According to the New York Daily News, ESPN has suspended Max Kellerman from his ESPN radio and SportsNation duties until next Thursday because he spoke on-air about his experience with domestic abuse while discussing Ray Rice's own experience.
Much like with Stephen A. Smith, ESPN never says the word "suspension," but it's clearly the case.
ESPN would neither confirm nor deny Kellerman's suspension. In a statement issued Friday afternoon and ESPN spokesman said: "Max Kellerman will return to ESPN-LA Radio and 'SportsNation' on Thursday."
On Monday, nearly a week after Stephen A. was suspended, Kellerman was on the "Mason & Ireland" show—a lead-in to his own on ESPN-LA—and discussed battering his then-fiancée and now wife of 20 years. He told a story where they both got drunk, she slapped him, and he slapped her back. It was briefly available on a podcast, but was later pulled from the site.
On Friday, ESPN suspended Kellerman, but not because he admitted to hitting his partner. He was suspended because ESPN higher-ups wanted to avoid this kind of discussion on the air, and specifically told on-air talent to tread carefully.
Industry sources said while the content of his story was disturbing, the suspension was all about Kellerman, who once worked for ESPN New York Radio, not adhering to ESPN brass' warning concerning the Rice topic being a highly sensitive one. "My understanding is that it was part of a larger conversation ESPN had with all its on-air people," a radio industry source said. "Kellerman obviously didn't pay attention."

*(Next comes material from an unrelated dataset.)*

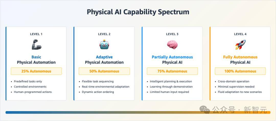 传统AI模型依赖互联网文本数据,通过识别语言模式模仿人类对话,但始终停留在“语言世界”。而实体AI的目标是让机器具备感知、理解、推理和执行复杂任务的能力,真正参与物理世界的操作与决策。例如,亚马逊提出的实体智能能力层级中,完全自主AI(Level 4)可在陌生环境中自由运行,目前多数商用产品仍处于基础自动化(Level 1)或自适应自动化(Level 2)阶段,但行业正加速向高级阶段迈进。

While the topic became even more charged after Smith's remarks and suspension, ESPN personalities were warned to measure and consider their commentary as soon as Rice's two game suspension was handed down by commissioner Roger Goodell.
So Kellerman either ignored the directive altogether or measured and considered his story and decided it was OK to discuss. ESPN, then, is suspending him for insubordination and not necessarily because he said something offensive.
Of further note, that directive to "measure and consider their commentary" as soon as Goodell suspended Rice is curious. Was that specifically meant to address commentary on domestic violence, or did it also apply to commentary on the NFL's reaction to domestic violence?